Le deliberazioni adottate dalla maggioranza vincolano la minoranza, con la conseguenza che anche chi non è d’accordo per un certo intervento di ordinaria amministrazione è costretto a sostenerne i costi, in ragione della quota posseduta.

Gli atti di ordinaria amministrazione

Secondo la legge [3], per gli atti di ordinaria amministrazione le deliberazioni della maggioranza dei partecipanti sono obbligatorie per la minoranza dissenziente.

Per atti di ordinaria amministrazione si intendono gli interventi finalizzati a conservare il bene comune o a migliorarne il godimento senza però dar luogo a profonde trasformazioni del bene stesso.

Ad esempio, è un atto di ordinaria amministrazione quello volto a riparare le tegole del tetto, oppure a sostituire l’impianto citofonico guasto con uno nuovo di ultima generazione.

Se non riesce a formarsi alcuna maggioranza, ciascun proprietario può ricorrere al giudice, eventualmente anche per la nomina di un amministratore.

Gli atti di straordinaria amministrazione

Per deliberare gli atti di straordinaria amministrazione occorre invece una maggioranza che rappresenti i 2/3 del valore complessivo della cosa [4].

Stesso “quorum” vale anche per le innovazioni, cioè per le opere che comportano un’alterazione sostanziale o un mutamento di destinazione del bene. Si pensi alla trasformazione della casa in ufficio oppure del giardino in parcheggio.

Quando serve il consenso unanime?

È invece necessario il consenso di tutti i proprietari per gli atti di:

  • alienazione, cioè di vendita del bene comune;
  • costituzione di diritti reali, come ad esempio l’usufrutto;
  • locazione di durata superiore a nove anni.

Appartamento in comunione: chi paga in caso di uso esclusivo?

Accade frequentemente che un appartamento, pur essendo di proprietà di più persone, sia utilizzato solo da uno dei titolari, ad esempio perché gli altri sono disinteressati. In casi del genere, chi paga le spese?

Secondo la legge [5], il partecipante che, in caso di trascuranza degli altri partecipanti o dell’amministratore, ha sostenuto spese necessarie per la conservazione della cosa comune, ha diritto al rimborso.

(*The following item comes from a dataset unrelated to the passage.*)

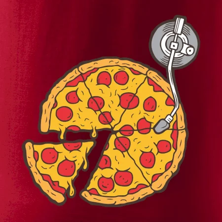Tričko pre dídžeja, ktorý miluje pizzu a hudba je jeho život. Na tričku je totiž pizza miesto dosky na mixážnom pulte. Darček pre dídžeja Ťa poteší ak si DJ celým srdcom. Gramofónová doska zmizla a obsadila ju gramofónová pizza.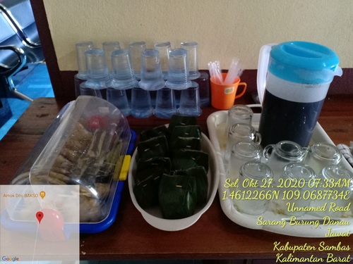 Pemdes menyiapkan kue beraneka ragam untuk tamu yang datang ke kantor Desa Sarang Burung Danau, Kec. Jawai, Kab. Sambas, Kalbar. Selasa,27/10/2020

Secondo la Corte di Cassazione [6], le “spese di conservazione” sono quelle necessarie a preservare l’integrità del bene; di conseguenza, non c’è alcun diritto al rimborso per le spese che riguardano il godimento della cosa, cioè quelle sostenute dal singolo proprietario per utilizzare appieno il bene.

Ad esempio, chi vive nella casa che appartiene anche ad altri non può pretendere il rimborso delle spese sostenute per pagare le bollette, in quanto dei servizi si è avvantaggiato solamente colui che ne ha materialmente fruito.

Secondo la Cassazione [7], quindi:

  • le spese per la conservazione, dovute in ragione della appartenenza, si ripartiscono tra tutti in proporzione alle quote;
  • le spese per il godimento, poiché riguardano l’uso per ricavare dalla cosa le utilità che la stessa può offrire, si imputano e si suddividono in proporzione all’uso ed alla misura di esso.

Appartamento in comunione: chi paga in caso di occupazione?

Può infine accadere che uno dei comproprietari decida di occupare stabilmente l’appartamento contro la volontà degli altri titolari. In questa ipotesi, chi paga le spese della casa in comunione?

Anche in questo caso si applicano i principi visti sinora. Secondo la giurisprudenza [8], tuttavia, il comproprietario che non gode dell’appartamento ha diritto al rimborso delle spese condominiali che l’amministratore gli ha chiesto pur non vivendo nell’immobile

Inoltre, il comproprietario che è stato estromesso dal possesso può chiedere un’indennità a titolo di mancato godimento del bene.

Secondo la Cassazione [9], nel caso in cui la cosa comune sia potenzialmente fruttifera, il comproprietario che durante il periodo di comunione abbia goduto dell’intero bene da solo senza un titolo che giustificasse l’esclusione degli altri partecipanti alla comunione, deve corrispondere a questi ultimi, quale ristoro per la privazione dell’utilizzazione pro quota del bene comune e dei relativi profitti, i frutti civili: frutti che, identificandosi con il corrispettivo del godimento dell’immobile che si sarebbe potuto concedere ad altri, possono, in mancanza di altri più idonei criteri di valutazione, essere individuati nei canoni di locazione percepibili per l’immobile.